In 2020, everyone is collecting as much data as possible. However, pure data isn’t as helpful as it could be. You can’t act on a table of data without first processing it into actionable insights. Most companies achieve this transformation through an analytics or business intelligence solution that enables raw data to be used to improve business decisions and leads to better, data-driven strategies.

Extracting information from data is essential, so it’s valuable to understand the different kinds of data analytics. The most common categorizations used are Descriptive, Predictive and Prescriptive. Here’s a quick overview of each category, and what they can do for your business:


  • Descriptive Analytics answer the question “What has happened?” It looks at data to tell you what happened in the past. It gives insight into how a business has been performing and can give context to current performance. Descriptive Analytics is a great rear view mirror and allows you to learn from past behaviors.
  • Let’s use a contact center as an example: Descriptive Analytics tell you what your service levels are, how many calls are waiting in the queue, what state each agent is currently in, and other current and past statistics regarding the contact center. It provides you with real-time and historical data describing the state of the center.


  • Predictive Analytics goes a step further and uses historical data to create predictive models. It answers the question “What could happen?” Machine learning models are used to examine the past and predict the future. This enables the business to learn from past behaviors and trends as well as how they might influence future outcomes.
  • Using the same contact center example: Predictive Analytics uses the previously mentioned Descriptive Analytics and feeds it into machine learning models. Management can now use past and current data to create “what-if” scenarios to see how specific changes could affect the contact center. In addition, Predictive Analytics could also alert management to potential future volume spikes based on past trends.

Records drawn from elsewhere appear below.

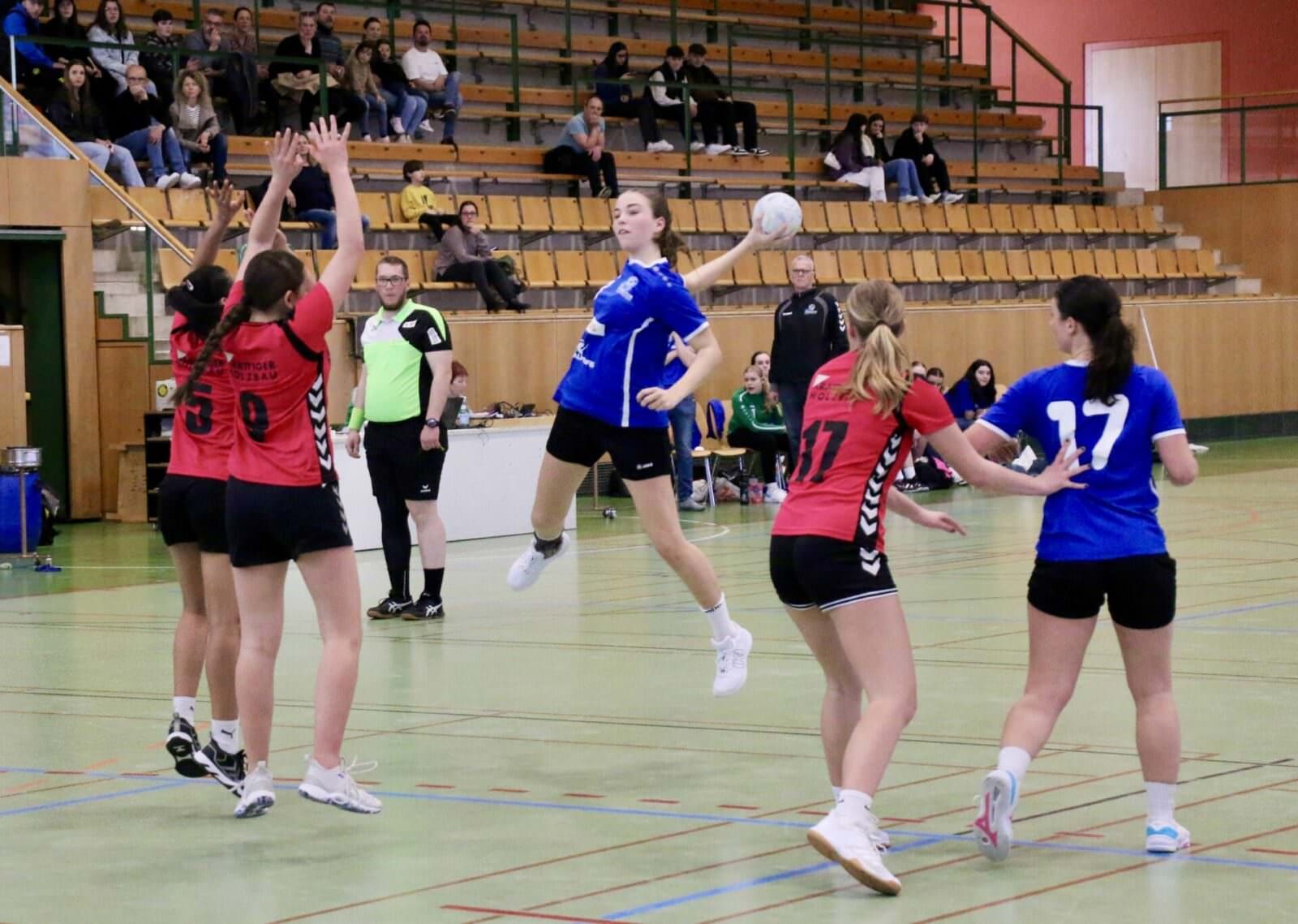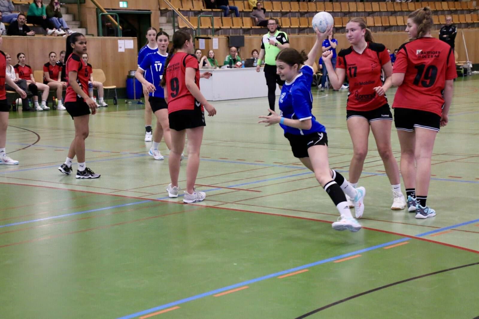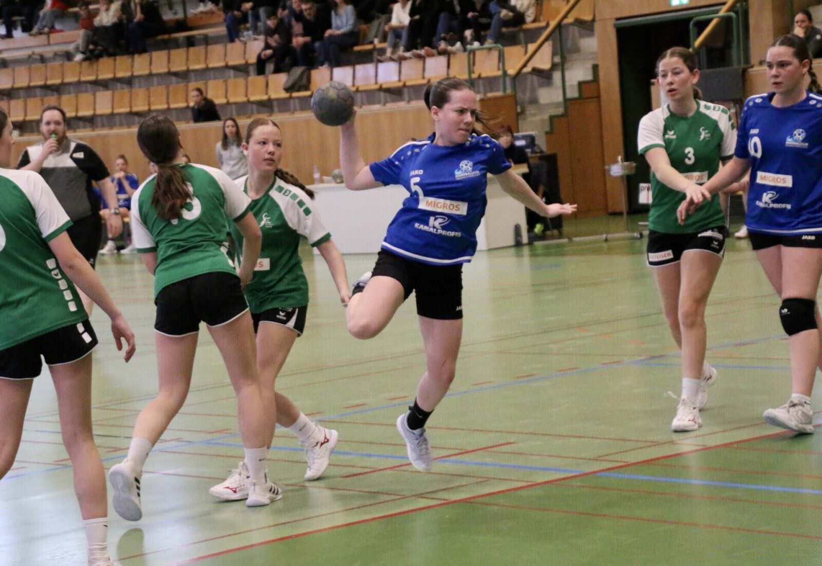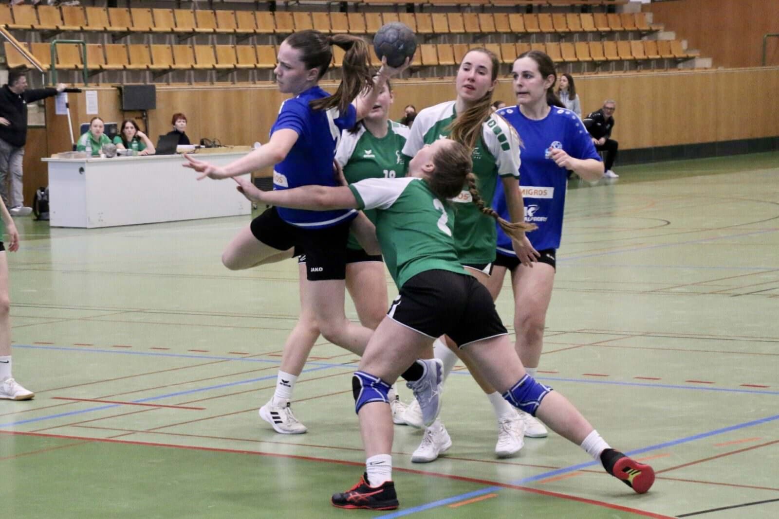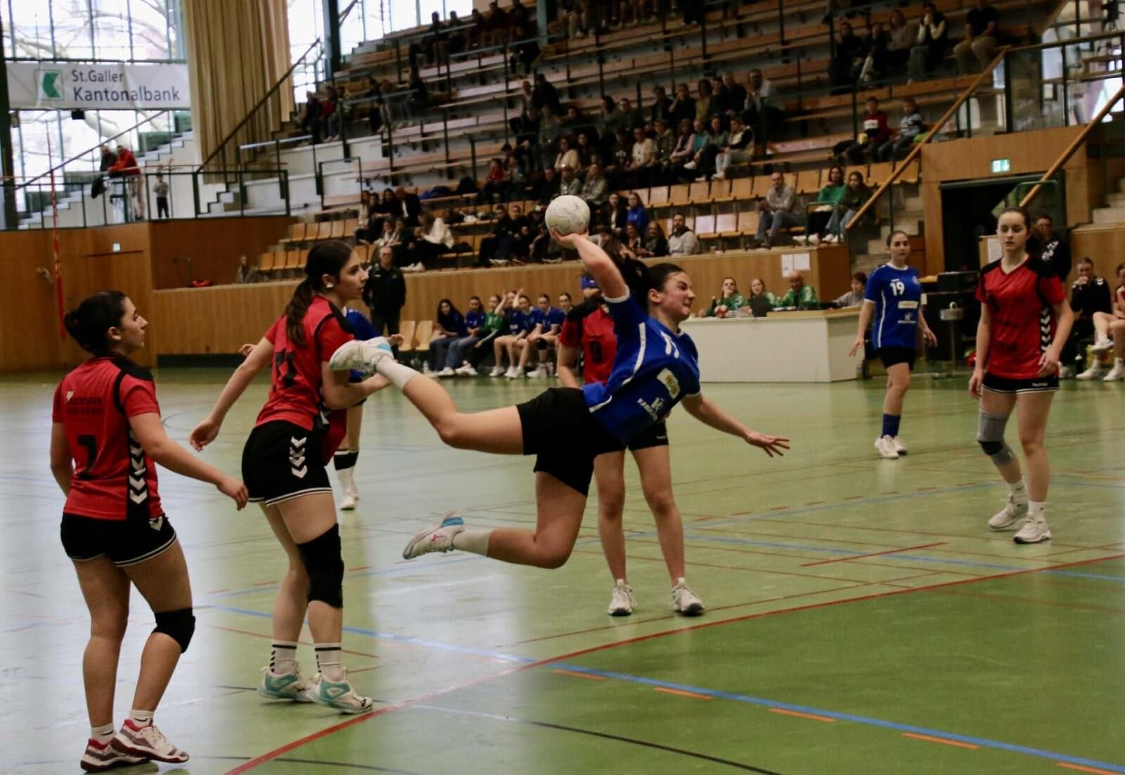 Auch die FU18 traf im Final auf einen bekannten Gegner. Noch vor Wochenfrist hatte man den HC Amriswil in der Meisterschaft ganz knapp besiegt. Hier war es die erste Hälfte der Partie, die das Ensemble des HC Goldach-Rorschach in gutem Licht erscheinen liess. Da war viel Siegeswille zu erkennen. In Angriff und Verteidigung wurde viel und gut gelaufen. Die Pässe kamen präzise an, man stiess gekonnt in die freien Lücken. Die Juniorinnen liessen sich im ersten Viertel des Spiels auch durch einen 2-Tore-Rückstand nicht aus der Ruhe bringen, standen in der Defensive weiterhin kompakt und erspielten sich im Angriff geduldig beste Abschlusschancen. Einziger Mangel: Immer, wenn es nach Führung roch, holte man sich eine Zweiminutenstrafe ab oder münzte beste Angriffe nicht in Tore um. So liefen GoRo’s Juniorinnen immer einem 1 – 2 Tore Rückstand hinterher, Ausgleich- oder Führungstreffer wollte trotz grossem Einsatz nie gelingen. Kurz vor der Pause erhöhte Amriswil auf 13:10 Toren und gab damit den Gegnerinnen eine Denkaufgabe.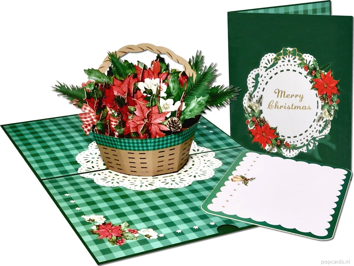 Quelle belle scène de Noël en 3D ! Cet arrangement de Noël est richement décoré de poinsettias, de pommes de pin et de branches de sapin. Inclus avec cette carte de Noël est une carte séparée, sur laquelle vous pouvez écrire vos souhaits de Noël pour l’heureux destinataire. Avec cette carte pop-up, vous apportez un beau Noël dans votre maison.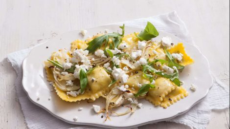 מתכון מפנק – רביולי עם שומר צלוי, גבינת עיזים וארוגולה טעמי האניס של השומר, המרירות העדינה של הארוגולה הטרייה והמתקתקות המעודנת של הרביולי ושל גבינת...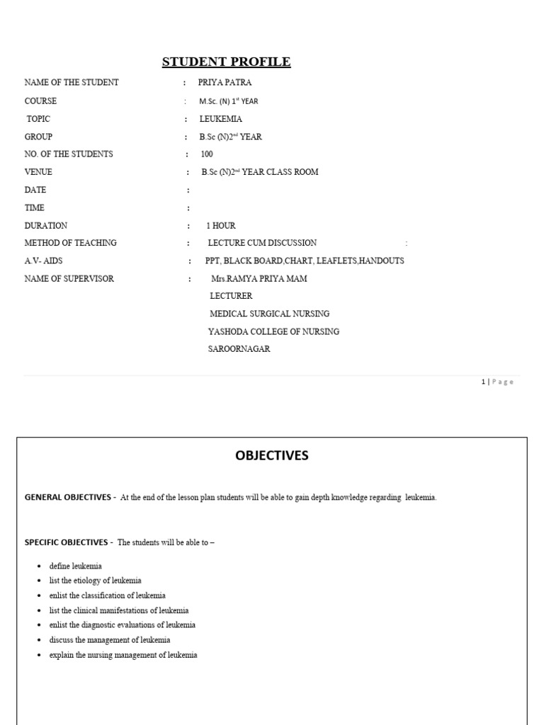 GENERAL OBJECTIVES - At the end of the lesson plan students will be able to gain depth knowledge regarding leukemia.
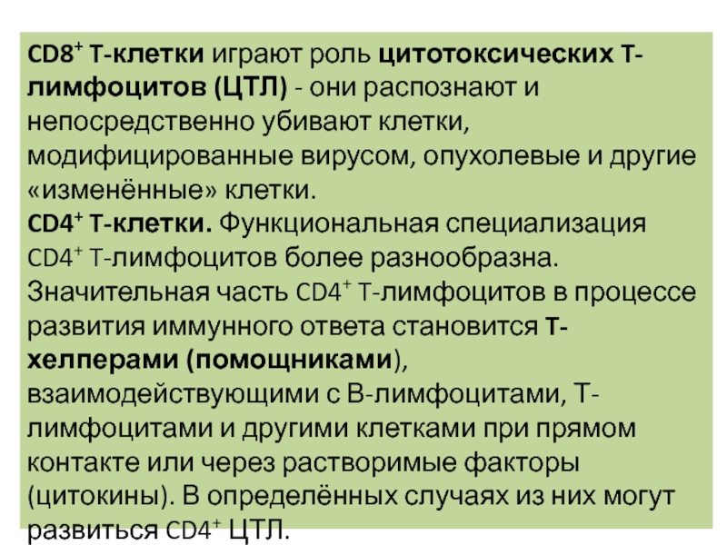 Слайд 19CD8+ T-клетки играют роль цитотоксических T-лимфоцитов (ЦТЛ) - они распознают и непосредственно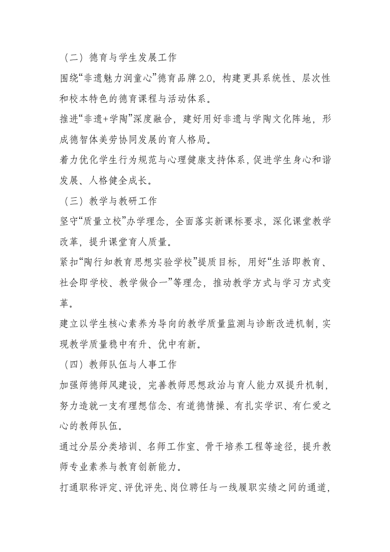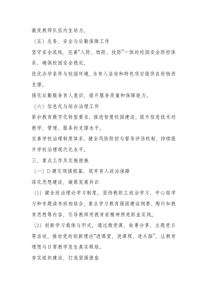 学校2026年工作计划晨晨老师28天前发布关注私信17.22KB8页04213 以下为资料部分截图预览,下载后为超高清原文件。 第1页 / 共8页 第2页 / 共8页 第3页 / 共8页 试读已结束,还剩5页,您可下载完整版后进行离线阅读 加入VIP,享海量教务资料,无限制免费下载所有材料 学校2026年工作计划此内容为付费资源,请付费后查看¥9.9¥15.9VIP会员免费代理(享70%分佣)免费立即购买您当前未登录!建议登陆后购买,可保存购买订单付费资源© 版权声明文章版权归作者所有,未经允许请勿转载。THE END计划汇报 文本预览 一、指导思想以教育强国战略为总牵引,全面贯彻d的教育方针,全面落实立德树人根本任务,牢牢把握“为党育人、为国育才”的时代使命。坚持用…思想统领学校一切工作,把“D建+五育融合”作为引领学校高质量发展的主抓手,把“非物质文化遗产传承教育示范学校”创建和“陶行知教育思想实验学校”提质建设作为学校内涵发展的主赛道,把“非遗魅力润童心”德育品牌2.0版打造作为学校特色彰显的主支点。坚持“守正与创新并重、质量与特色并举、提升与赋能同步”的工作思路:在守牢政治方向和安全底线的前提下,传承学校已有的办学传统和品牌成果,主动对接教育新政策、回应社会新期待、适应学生新需求,推动课程教学、育人方式、学校治理等方面系统性重构与持续性优化,努力形成目标同向、路径同频、落实同力的良好局面,为教育强国建设贡献学校力量。二、各部门工作目标(一)D建与党务工作以思想政治建设为统领,持续强化理论武装和理想信念教育,提升全体教职员工政治判断力、政治领悟力、政治执行力。深化“D建+五育融合”品牌建设,推动D建与德育、课程、文化、管理深度融合,把支部建在业务链上,把党旗插在项目上。夯实基层组织建设,创建学习型、服务型、创新型党支部,全面提高D组织战斗堡垒作用。 查看更多 收起部分 喜欢就支持一下吧点赞13 分享QQ空间微博QQ好友海报分享复制链接收藏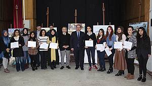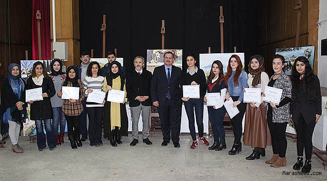 Emeklerinden dolayı İl Kültür Turizm Müdürlüğü Güzel Sanatlar Genel Müdürlüğüne, özelliklede kursun eğitmenliğini yapan KSÜ Güzel Sanatlar Fakültesi Resim Bölüm Başkanı Yrd. Doç. Aziz Erkan’a teşekkür eden Seydihan, “Genç kursiyer arkadaşlarımızı tebrik ediyorum. Kursumuza 15 öğrenci ile başladık ancak 10 tanesi başarılı oldu ve katılım belgelerini takdim ettik. Bu tür özgün çalışmalara 2017 yılı içerisinde de yine devam edeceğiz. Hayırlı olsun diyorum” ifadelerine yer verdi. İmkân ve mekân bakımından düzenlenen kursu ilk duyduklarında heyecanlandığını dile getiren KSÜ Güzel Sanatlar Fakültesi Resim Bölüm Başkanı Öğretim Üyesi Yrd. Doç. Dr. Aziz Erkan, şu açıklamalarda bulundu: “Bu kursu ilk duyduğumuzda gerçekten çok heyecanlandım. İyi bir kurs olması, Kültür Bakanlığı tarafından destekleniyor olması beni heyecanlandırdı. Müthiş bir keyif aldık. Bu kursa öyle bir başlayalım ki bir farkındalık yaratalım istedik. Çünkü şehrimizde pek çok resim kursları var. Bu resim kursumuzu, diğer resim kurslarımızdan farklı olsun istedik; malzemelerimizle, katılımcılarımızla farkındalık yaratalım istedik. Böyle yola çıktık. En iyi malzemeleri sağlayarak, en iyi ortamları sağlayarak iyi bir başlangıç yapalım istedik. Çevreye de örnek olsun diye biraz üstten girdik. Burası daha çok kendini eğlendirecek ya da boş vakit geçireceklerin değil de biraz daha üst düzeyde eğitim almak isteyenlerin yeri olsun istedik. Çünkü bir boşluk varsa onu doldurmak faydalıdır. Bizim için de bu boşluk, üst seviyede bir boşluktu. Onu doldurmaya çalıştık.”(HABER-FOTOĞRAF: KENAN ONARAN)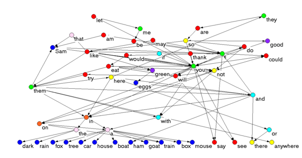 The relation between trophic level and node function can be seen in networks other than food webs. The figure shows a word adjacency network derived from the book Green Eggs and Ham, by Dr. Seuss.[3] The height of nodes represents their trophic levels (according here to the edge direction which is the opposite of that suggested by the arrows, which indicate the order in which words are concatenated in sentences). The syntactic function of words is also shown with node colour. There is a clear relationship between syntactic function and trophic level: the mean trophic level of common nouns (blue) is [math]\displaystyle{ s_{noun} = 1.4 \pm 1.2 }[/math], whereas that of verbs (red) is [math]\displaystyle{ s_{verb} = 7.0 \pm 2.7 }[/math]. This example illustrates how trophic coherence or incoherence might emerge from node function, and also that the trophic structure of networks provides a means of identifying node function in certain systems.
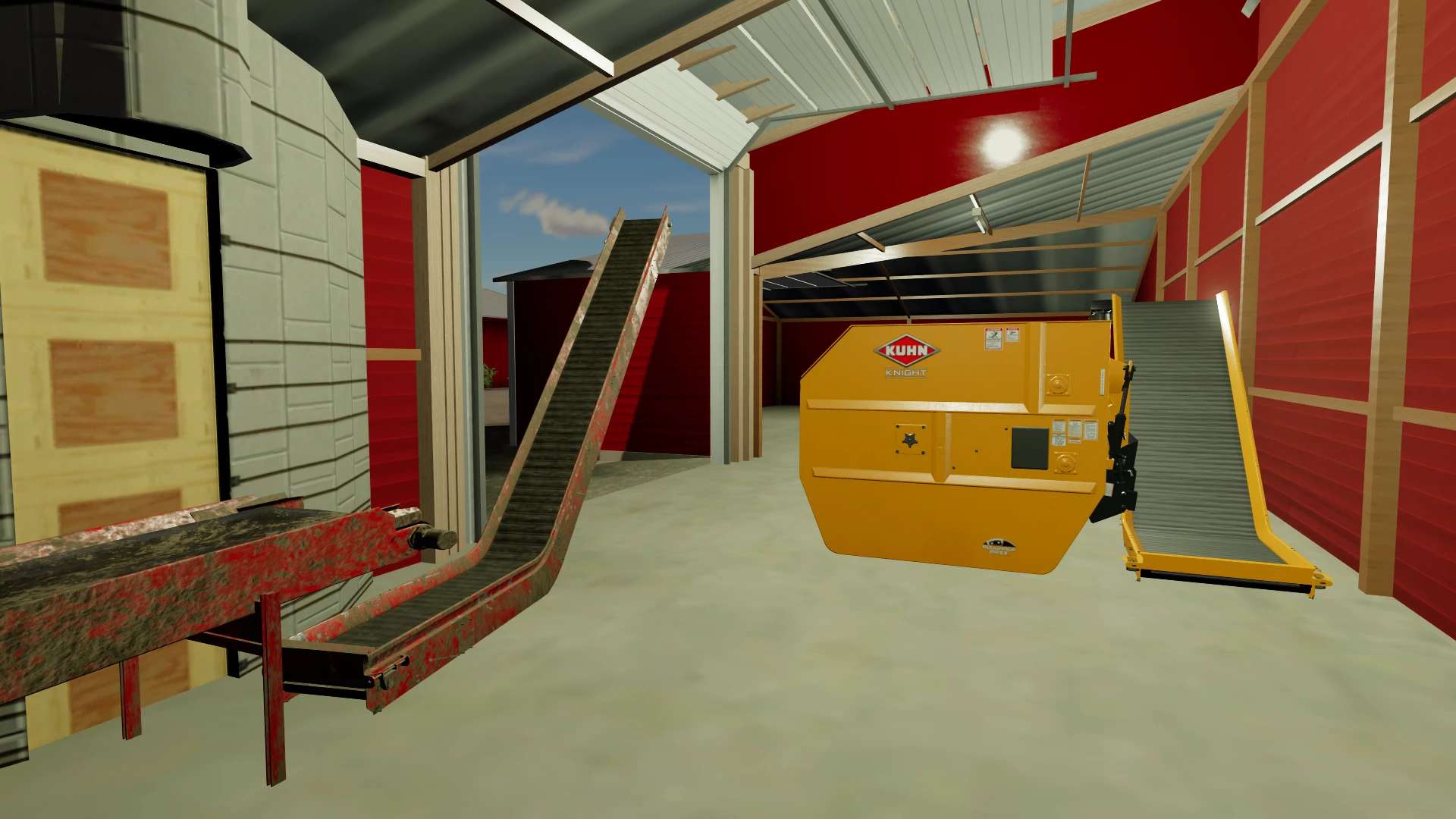 The feed room area was reworked, and a large garage door was added for being able to more easily fill the mixer, if using ag bags or a placed bunk silo. The mixer is a stationary unit, you must enter it like a vehicle, and you can custom tailor your feed ration. Using the mixer requires you to use a feed cart, which you fill using the mixer, and drive into the barn, the side closer to the silos, and there you can feed the cows. If you need to feed the outside animals using the silos, by the base of the conveyor is a trigger, that moves the conveyors to a position that you can then back in a mixer or Feed-R-Wagon and fill from the silos. The silos themselves take a variety of different feed types and ferments/stores them until you’re ready to feed.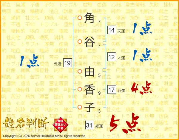 角谷由香子さんの総運は31画の5点!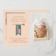 Herald trumpet with flag, calligraphic letters for mediaeval themed birth announcement. Add more text or photos to the back if desired. Real foil text and accents, choose from gold, silver or rose gold. Foil will print thicker than shown on screen.

  • Prescriptive Analytics is the next level. It answers the question “What should happen?” It uses optimization models and artificial intelligence to predict multiple futures and allow companies to assess possible outcomes based on their actions. Prescriptive Analytics makes recommendations for companies to change behaviors based on descriptive and Predictive Analytics.
  • Staying with the same example: Now that the Predictive Analytics has alerted the company to a future call volume spike, the user can apply Prescriptive Analytics to streamline scheduling. By building on descriptive and Predictive Analytics, an optimization model can use this data to determine the number of agents needed to handle this spike, while keeping payroll manageable.

As you can see, each category of analytics builds on the previous one. It is important to implement all three in order to obtain the most value and insight from the vast amounts of data the business is collecting. By using a variety of analytics together, your organization will make informed decisions and improve efficiencies.